14. Me asomo a la ventana y aspiro, respiro la libertad de la distancia en espacio y tiempo. El jardín huele como lo hacía el parque de mi pueblo en las mañanas de verano, cuando lo frecuentaba para ir a la Biblioteca, a cambiar libros: olor a hierba recién cortada, a cabeza interior. Tras el mostrador, aquella viejecita flaca y fea, rodeada de saber: Valentín Hermano y nos referíamos a ella como “la bibliotecaria enclenque y timorata”.

15. Eso sí me gustaba: Valentín Padre orgulloso de la bocina de su coche, asustando a los pueblerinos de mi pueblo, haciéndome sentir diferente.

16. Muchos años más tarde, un incendio en las noticias; todo quemado. Los montes que arroparon mi niñez… reducidos a cenizas, como si aquél fuera el nido del Ave Fénix. Una metáfora que no me abrasa, un fuego que me dejaría frío si no fuera por la Naturaleza.

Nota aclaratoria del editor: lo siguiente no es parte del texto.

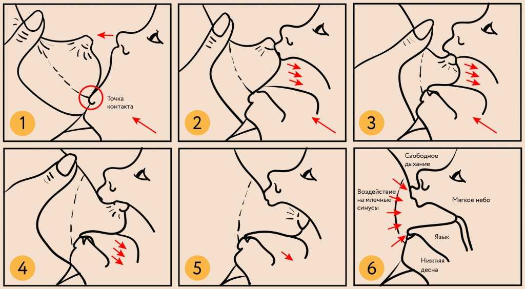 Широко открыть ротик малышу поможет, если мама будет водить соском по щечке или от носика к губкам.
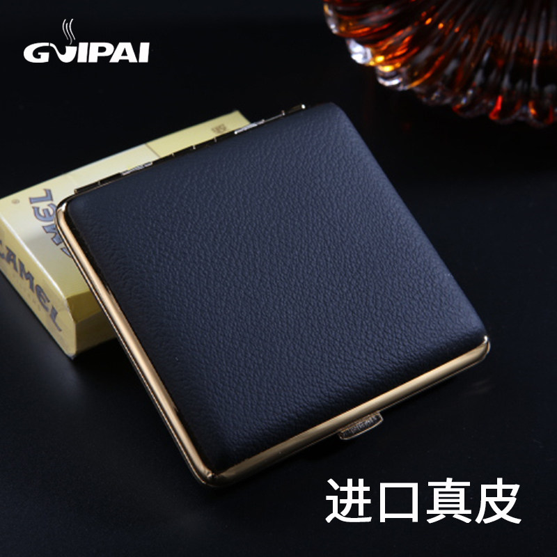 Портативный ультратонкий креативный кожаный портсигар из нержавеющей стали, из натуральной кожи, 20 шт
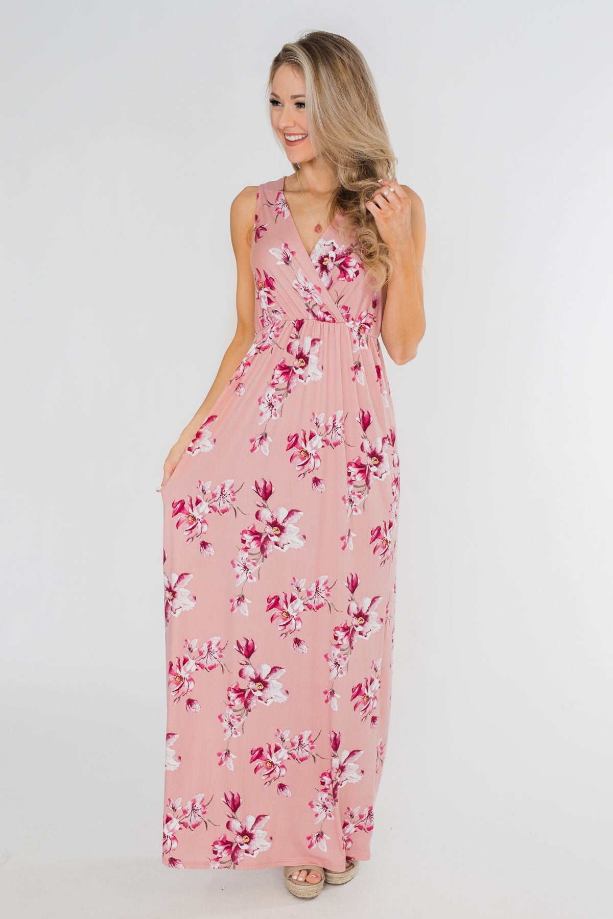 Super soft, v-neck soft pink maxi dress with the cutest floral pattern!
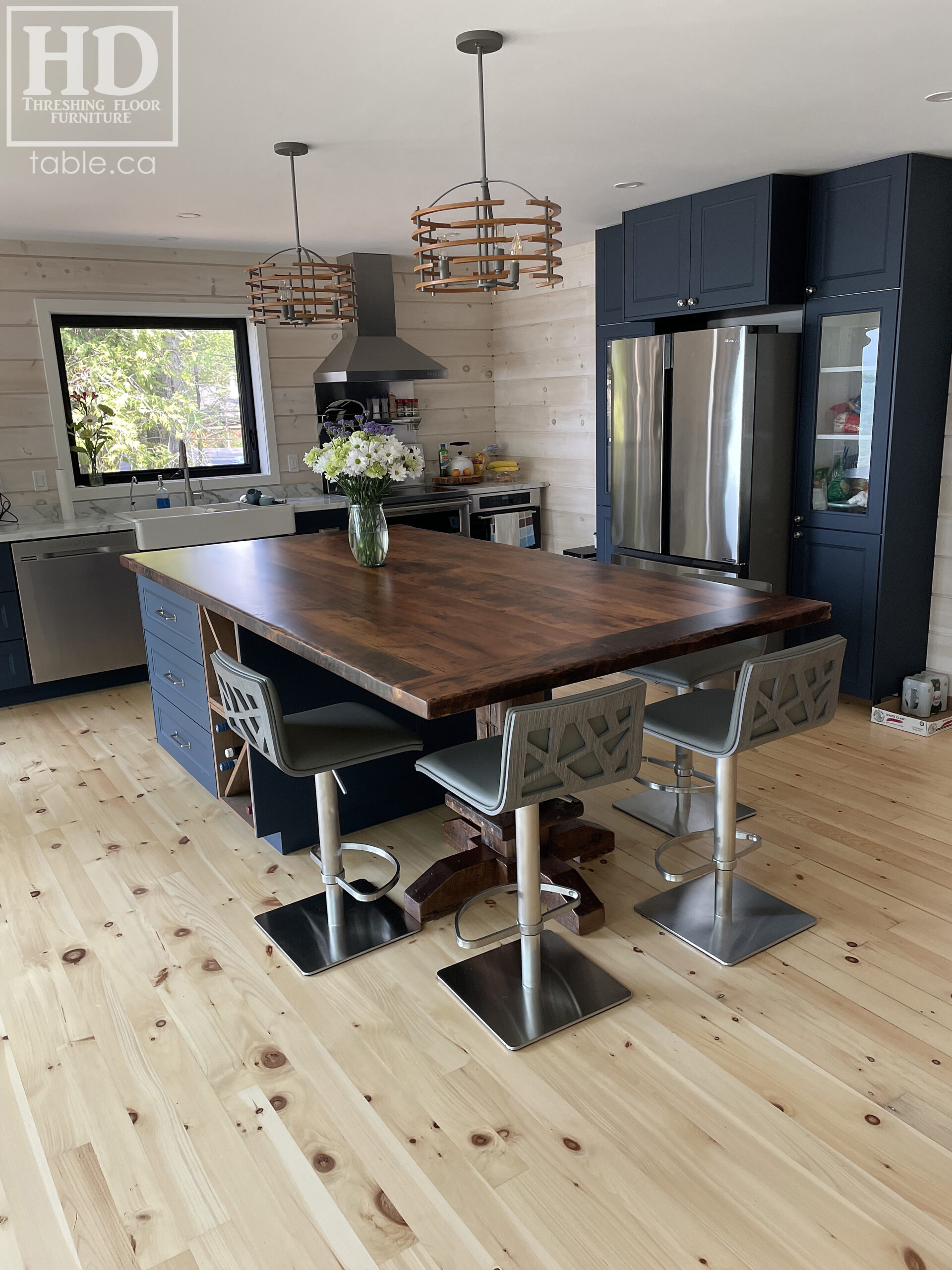 One way you can extend the size of an island top is to extend beyond the end of the cabinetry and add a centre post. We did for this Wiarton customer; expanding the usefulness of their island. See pics below!
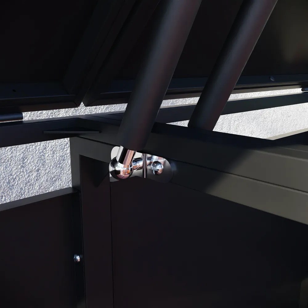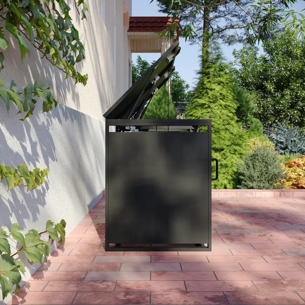 La stabilità è assicurata da un robusto telaio portante avente uno spessore di 0,8 mm. Con un ingombro esterno complessivo di 100 x 50 x 64 cm, il copribidone ottimizza lo spazio a disposizione, mantenendo l'area esterna pulita e ordinata.
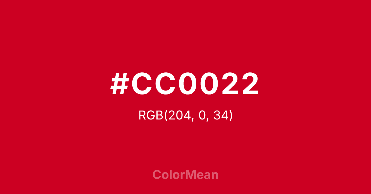 #CC0022 RGB value is (204, 0, 34). The hex color red value is 204, green is 0, and blue is 34. Its HSL format shows a hue of 350°, saturation of 100 percent, and lightness of 40 percent. The CMYK process values are 0 percent, 100 percent, 83 percent, 20 percent.

17. Allí seguirán todos: en Kagan, muriéndose de asco sin saberlo… igual que yo un día, ignorante, pensé que el mundo terminaba en aquel limitado horizonte… Allí continuarán todos, desentendiéndose del mundo real, parapetados tras sus cositas cotidianas: la venda que les priva del futuro.

18. Gracias (adiós) me fui de aquel pueblo en el que nunca pasa nada, para otro pueblo más grande… Samarcanda, que jamás ha pensado nada, aunque diga lo contrario su fama.

19.¡Qué pocos modelos, qué poca gente decente en la Historia de mi pueblo y sus alrededores!



[1] Por eso, con menos de 8 años.

[2] Estadísticamente hablando.

[3] Rememorando el hito histórico de haber expulsado a los moros de las tierras hace muchos siglos. Todo un símbolo del orgullo adocenado, medieval.

[4] Como probablemente había estado toda su vida.

[5] El de Romina BUSCA.

[6] La simbología de su ficticio nombre lo dice todo.